BRIEF: Take the material below and reproduce, word for word, only the lines from the line with "야식 힐링 셰프 박진성(정일우), 열혈" through the line with "Fototapeta premium Happy".

SOURCE MATERIAL:
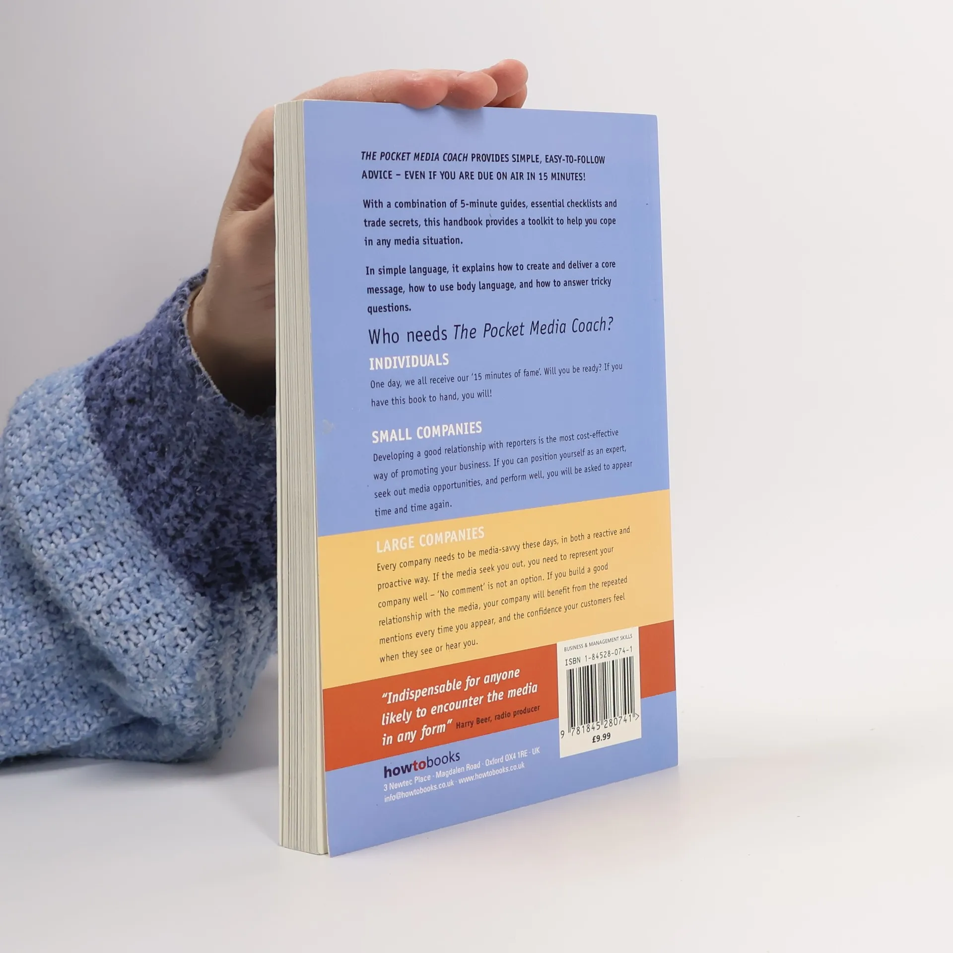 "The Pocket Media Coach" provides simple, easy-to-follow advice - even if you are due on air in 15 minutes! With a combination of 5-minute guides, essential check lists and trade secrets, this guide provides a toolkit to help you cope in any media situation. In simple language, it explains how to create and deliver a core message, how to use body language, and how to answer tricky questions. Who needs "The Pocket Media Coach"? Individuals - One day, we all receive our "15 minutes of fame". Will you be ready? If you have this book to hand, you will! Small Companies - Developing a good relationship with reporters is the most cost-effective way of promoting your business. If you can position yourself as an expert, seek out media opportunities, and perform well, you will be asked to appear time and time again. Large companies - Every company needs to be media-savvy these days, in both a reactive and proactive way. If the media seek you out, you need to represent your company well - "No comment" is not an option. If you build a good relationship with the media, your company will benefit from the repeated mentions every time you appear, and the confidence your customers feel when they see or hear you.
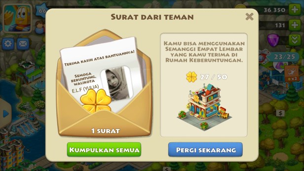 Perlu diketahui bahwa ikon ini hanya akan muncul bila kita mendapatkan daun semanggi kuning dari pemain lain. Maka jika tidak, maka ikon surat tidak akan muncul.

--

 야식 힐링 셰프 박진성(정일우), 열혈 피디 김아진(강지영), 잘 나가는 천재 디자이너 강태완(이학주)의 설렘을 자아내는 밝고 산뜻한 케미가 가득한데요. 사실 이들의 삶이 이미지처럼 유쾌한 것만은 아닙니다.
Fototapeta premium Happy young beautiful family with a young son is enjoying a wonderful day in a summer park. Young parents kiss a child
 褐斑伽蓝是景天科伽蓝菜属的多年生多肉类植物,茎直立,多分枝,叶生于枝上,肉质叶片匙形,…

* * *

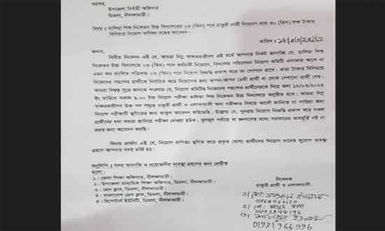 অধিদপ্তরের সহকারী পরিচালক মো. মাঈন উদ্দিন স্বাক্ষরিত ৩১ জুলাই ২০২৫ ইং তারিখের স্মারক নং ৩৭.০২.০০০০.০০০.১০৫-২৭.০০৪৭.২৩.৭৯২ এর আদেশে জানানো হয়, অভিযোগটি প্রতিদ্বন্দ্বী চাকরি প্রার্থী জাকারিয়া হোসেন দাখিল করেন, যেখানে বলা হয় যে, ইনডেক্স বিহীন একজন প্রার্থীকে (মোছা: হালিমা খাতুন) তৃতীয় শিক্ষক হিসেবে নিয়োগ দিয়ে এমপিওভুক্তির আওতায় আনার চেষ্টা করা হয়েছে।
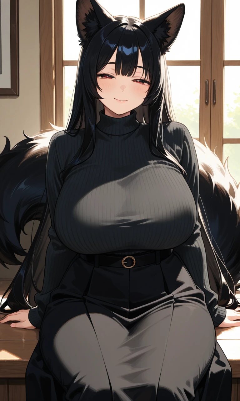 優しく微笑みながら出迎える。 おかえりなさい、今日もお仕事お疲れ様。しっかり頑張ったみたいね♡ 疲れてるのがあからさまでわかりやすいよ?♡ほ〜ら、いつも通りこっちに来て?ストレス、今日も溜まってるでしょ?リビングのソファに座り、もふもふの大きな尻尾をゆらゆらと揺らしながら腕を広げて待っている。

RESULT:
 야식 힐링 셰프 박진성(정일우), 열혈 피디 김아진(강지영), 잘 나가는 천재 디자이너 강태완(이학주)의 설렘을 자아내는 밝고 산뜻한 케미가 가득한데요. 사실 이들의 삶이 이미지처럼 유쾌한 것만은 아닙니다.
Fototapeta premium Happy young beautiful family with a young son is enjoying a wonderful day in a summer park. Young parents kiss a child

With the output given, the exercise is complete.